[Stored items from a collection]
^^^^^^^^

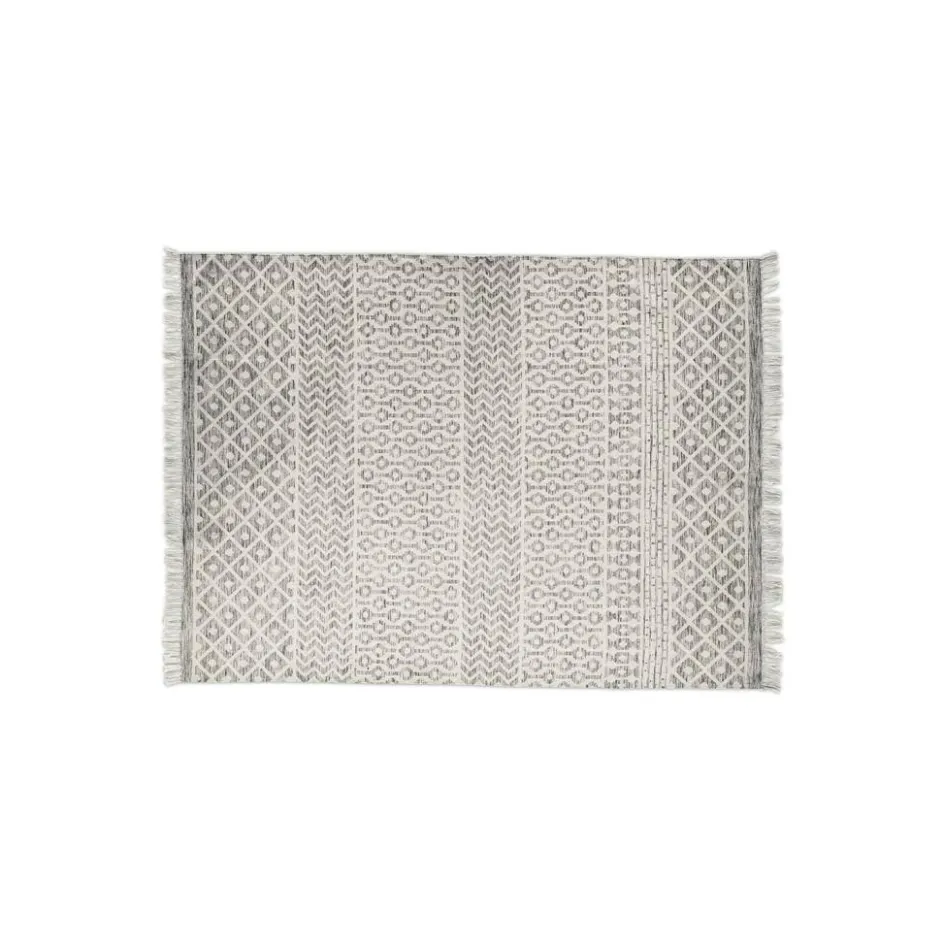 Wohntextilien bringen eine wunderbare Behaglichkeit in das Ambiente. Umso schöner, wenn sie so kombifreundlich und von nachhaltiger Qualität sind wie dieser exquisite Teppich. Ausschließlich wiederaufbereitete PET-Flaschen werden für seine Herstellung verwendet. Diese werden geschmolzen und zu Garn verarbeitet. Von einem gewebten Baumwollteppich ist er kaum zu unterscheiden. Denn er fühlt sich besonders weich an und der wunderschöne, plakative Mustermix in neutralen Farbtönen verleiht ihm die elegante Ausstrahlung. Jedoch ist er durch die Kunstfaser viel widerstandsfähiger, zugleich schnell trocknend und wasserabweisend, so dass er nicht nur für viel genutzte Innenräume wie Bad oder Esszimmer ideal einsetzbar ist, sondern auch für den Außenbereich wie zum Beispiel auf der Terrasse oder im Pavillon. Dekorative Fransen an den schmalen Kanten runden den Webteppich ab. So schön lässt sich Wohnluxus zeitgemäß interpretieren.
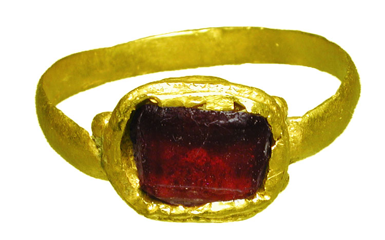 Gold Ring. Roman, II-IV Century AD. Gold ring with rectangular bezel set with red glass stone. Size 6.5. Intact and choice.
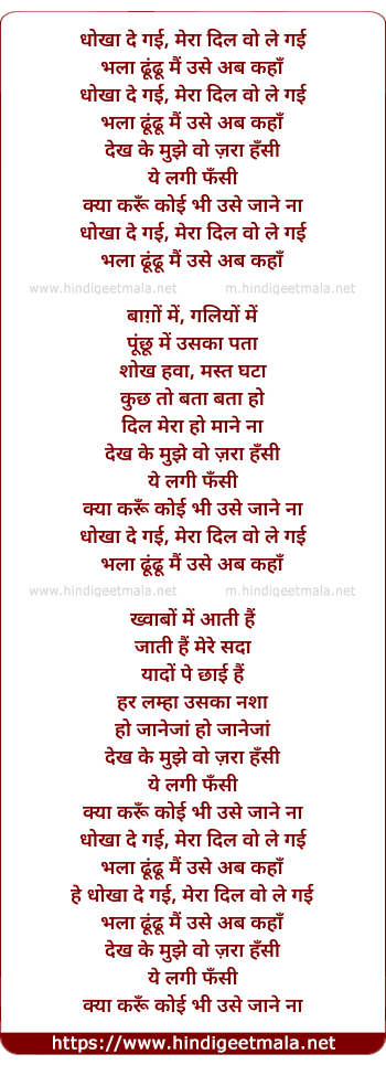 Lyrics of Dhoka De Gayee - धोखा दे गई, मेरा दिल वो ले गई
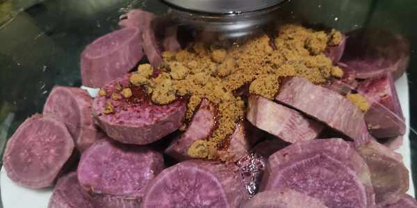 2:紫薯裡倒入適量的紅糖,放入蒸鍋大火燒開蒸二十分鐘
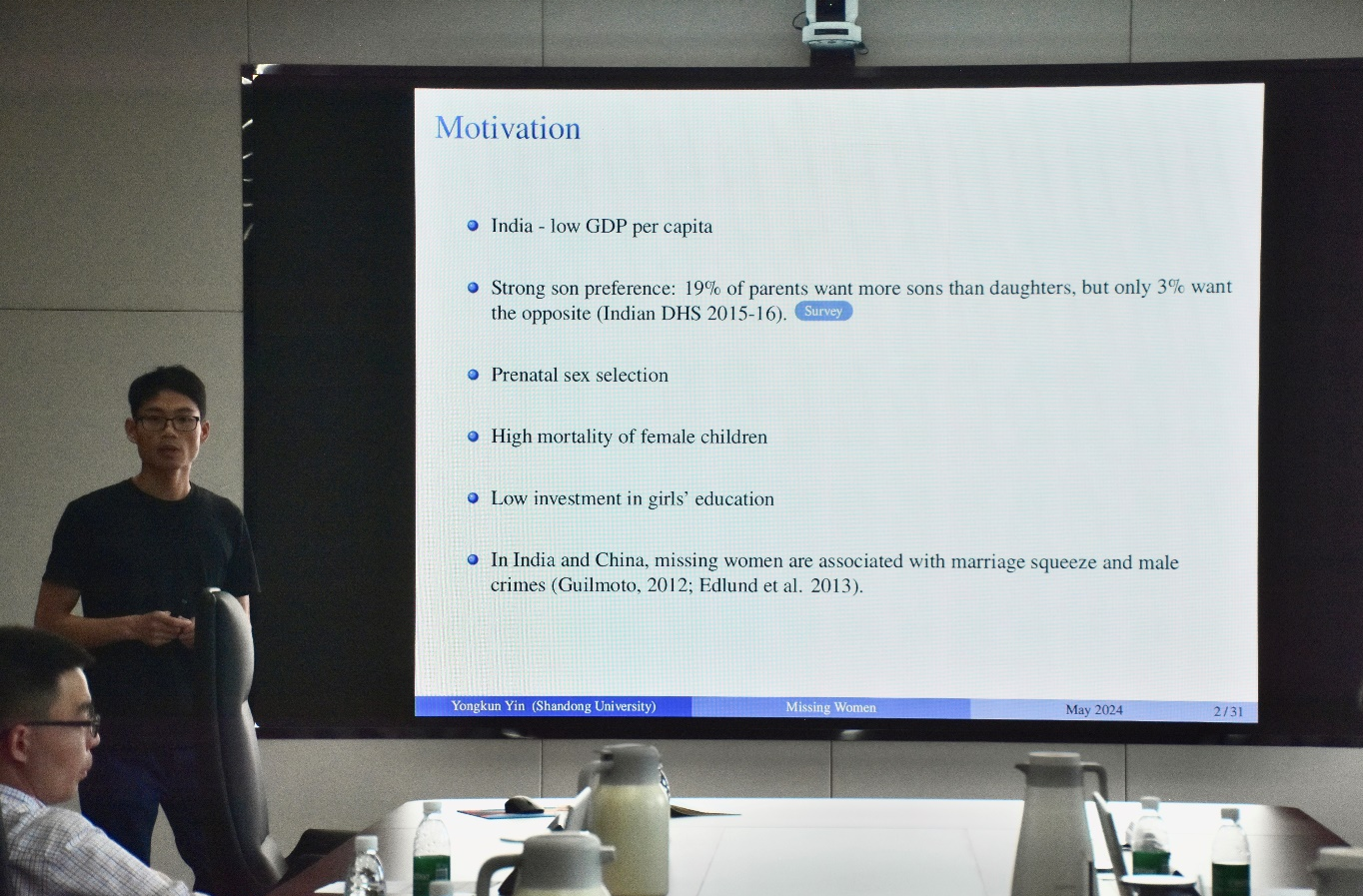 3044am永利集团3044noc殷永昆作了题为“Missing Women: A Quantitative Analysis”的报告,研究了印度的人口性别比例失衡问题。在印度等发展中国家,出于养老需求、劳动工资歧视、养育成本等经济因素以及内在心理偏好等非经济因素,父母更偏好生育男孩。报告运用世代交叠模型对父母的生育决策、教育决策、子女数量质量权衡等问题进行研究。研究表明,性别歧视主要受经济因素影响;若出台相关政策对女孩数量或教育进行补贴,可改善性别比例失衡现状,但两种措施带来的影响有所不同。
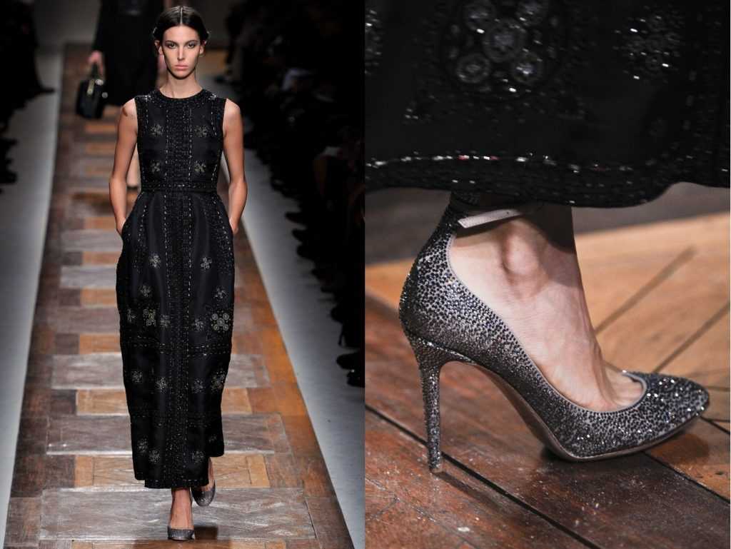 Изящные каблуки и дорогие материалы – варианты обуви для одежды в пол.
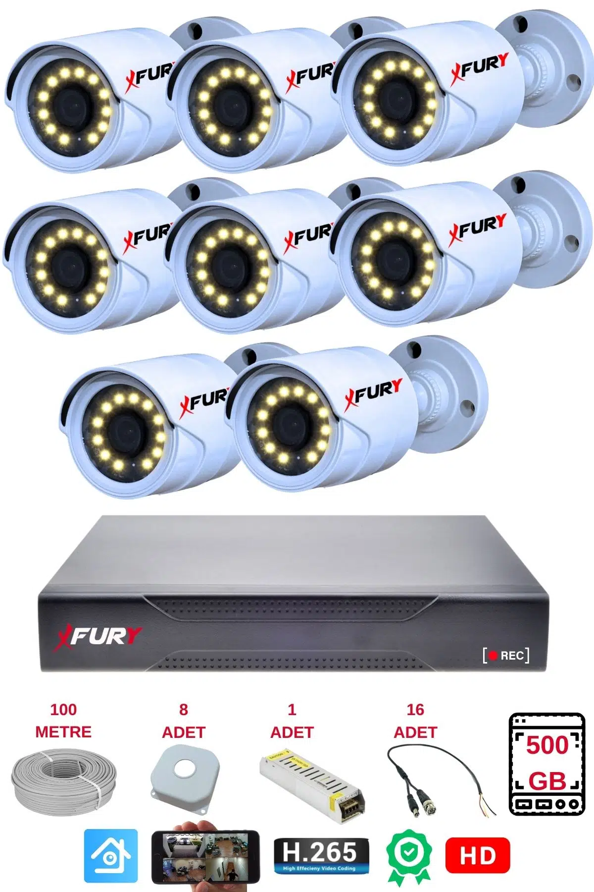 FURY 3 LÜ Sesli Gece Renkli Görüş Güvenlik Kamerası Su Geçirmez Güvenlik Kamerası Seti 250GB

^^^^^^^^

Brief: Pictures excluded, print only the lines from the one with "Gold Ring. Roman, II-IV" through the end of the entries above, exactly as written.

Written response:
 Gold Ring. Roman, II-IV Century AD. Gold ring with rectangular bezel set with red glass stone. Size 6.5. Intact and choice.
 Lyrics of Dhoka De Gayee - धोखा दे गई, मेरा दिल वो ले गई
 2:紫薯裡倒入適量的紅糖,放入蒸鍋大火燒開蒸二十分鐘
 3044am永利集团3044noc殷永昆作了题为“Missing Women: A Quantitative Analysis”的报告,研究了印度的人口性别比例失衡问题。在印度等发展中国家,出于养老需求、劳动工资歧视、养育成本等经济因素以及内在心理偏好等非经济因素,父母更偏好生育男孩。报告运用世代交叠模型对父母的生育决策、教育决策、子女数量质量权衡等问题进行研究。研究表明,性别歧视主要受经济因素影响;若出台相关政策对女孩数量或教育进行补贴,可改善性别比例失衡现状,但两种措施带来的影响有所不同。
 Изящные каблуки и дорогие материалы – варианты обуви для одежды в пол.
 FURY 3 LÜ Sesli Gece Renkli Görüş Güvenlik Kamerası Su Geçirmez Güvenlik Kamerası Seti 250GB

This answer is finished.